Is FinTech the Future of Supply Chain? – Part 1
Quarantines and lockdowns throughout the world have put a hold on both the global and national economies, causing companies to brace for the recession that experts say may follow.
In fact, some predict the COVID-19 crisis will institute a recession on par with the likes of 2009 or worse. But, how FinTech platforms will fair in this is unknown.
“Given the current COVID-19 crisis, we’re on the cusp of a major financial recession, which means we can expect two larger financial trends in the near future,” says Edrizio De La Cruz, co-founder and CEO of Arcus Financial Intelligence Inc., New York. “During recessions, there is usually a major move toward consolidating high-interest debts. This could be a major issue for any buyers who have outstanding balances with suppliers. However, there have been advancements in FinTech that enable easier debt consolidation, which can help here.”
Specific to supply chains, FinTech is used as a way for manufacturing and logistics companies and their partners to better manage financial operations, allowing buyers to complete payments faster and suppliers to receive funds faster.

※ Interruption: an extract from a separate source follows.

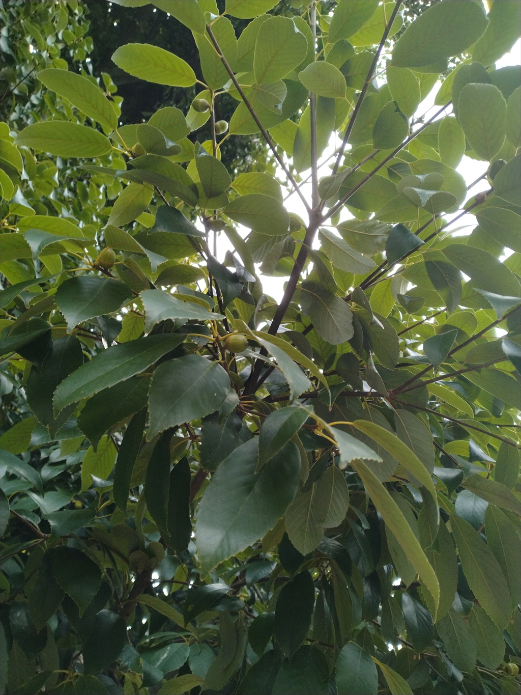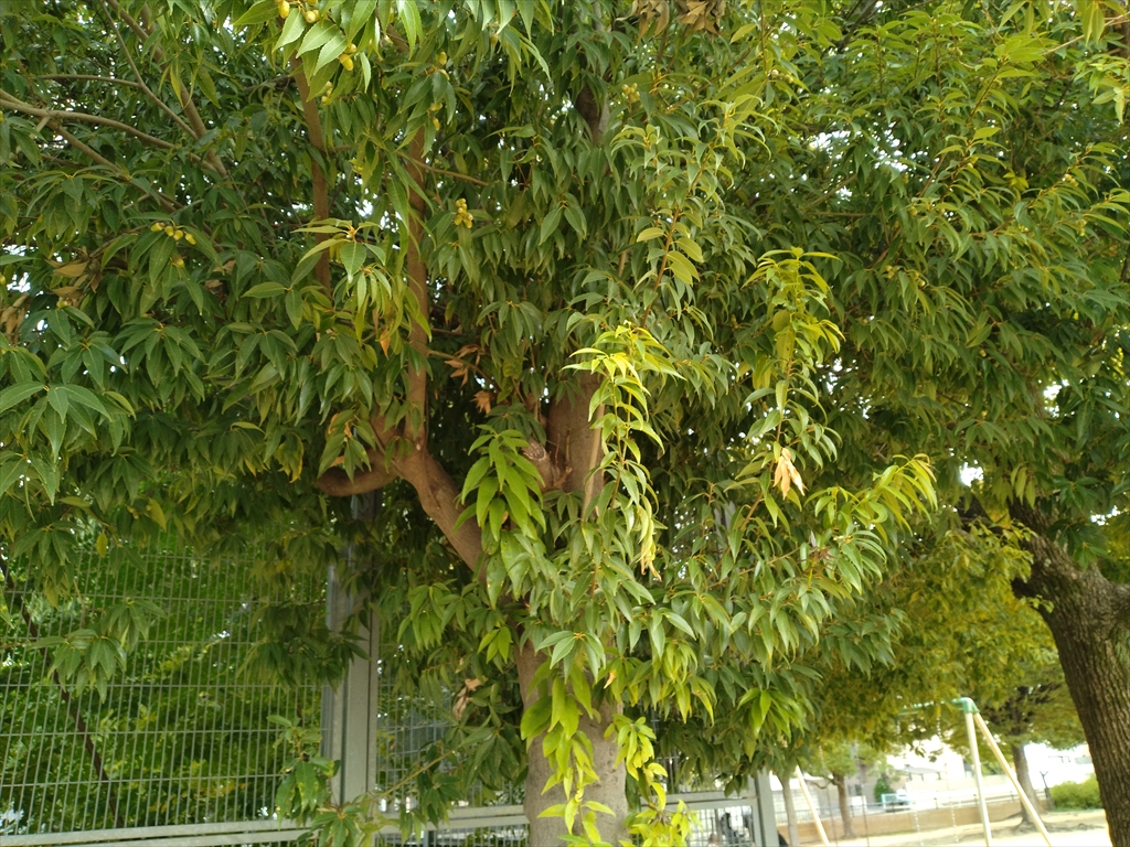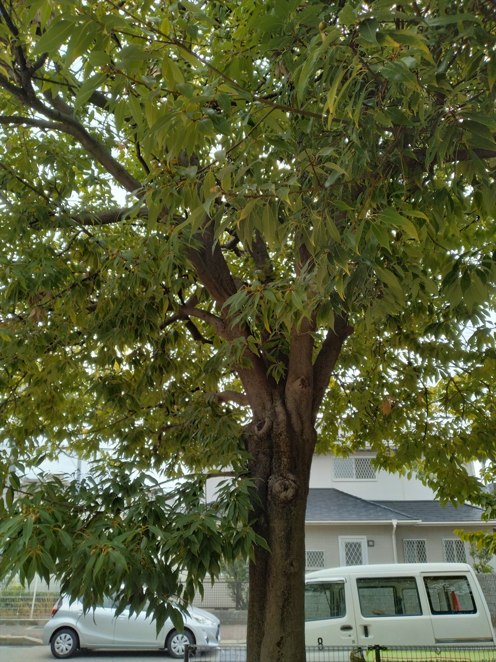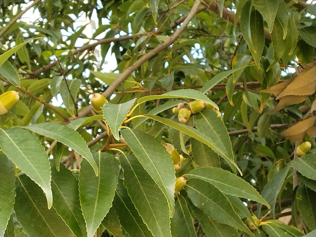 それでも、丹念に探し回るとやっぱりありましたね。寸詰まりなフォルムがかわいいこのどんぐりは種類不明。木はこんな感じでした。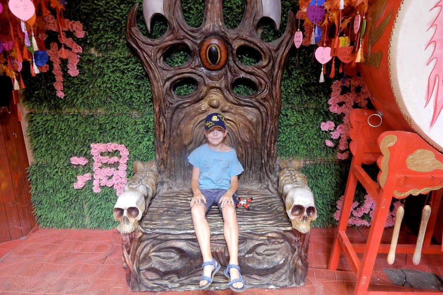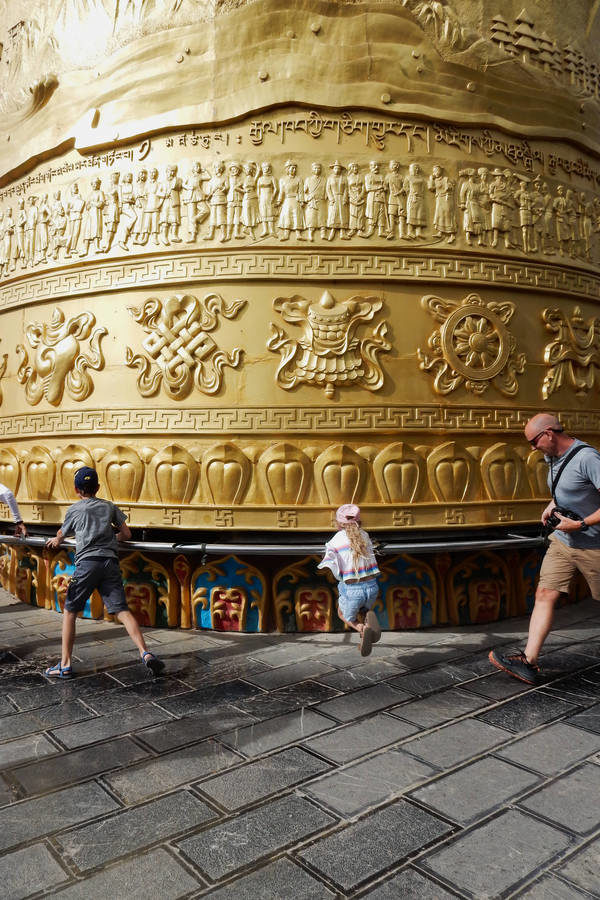 J’ai bien aimé tourner le rouleau de prière et faire du scooter (j’ai tenu l’accélérateur!)

Most FinTech platforms are accessed through a cloud management system, where businesses simply download an application or access an online site to manage their payment accounts. Previously, it could be as long as three months for a supplier to receive payment on an order, whereas FinTech streamlines this timeline immediately. Now, suppliers have more control on payment deadlines, allowing them to enact a longer period of time for a deadline or finance heavy equipment themselves.
FinTech firms also work across banks to determine the most beneficial payment option for each company. This, coupled with their much lower rates, have disrupted the way supply chains operate financially.
Those who will benefit most from tapping into FinTech solutions are startups, whose credit profiles are less sturdy and not as successful when working with banks. Suppliers and manufacturers whose processes have longer lead times can also benefit.
“A startup in any industry will be most adaptable to FinTech because their riskier credit profile is a good fit for FinTechs, which can use alternate means to determine credit worthiness, instead of the more traditional approaches that a big bank requires,” says Shawn DeVries, managing director of B2B at Kin + Carta. “Industries with long lead times will benefit from the financing options that FinTechs can provide.”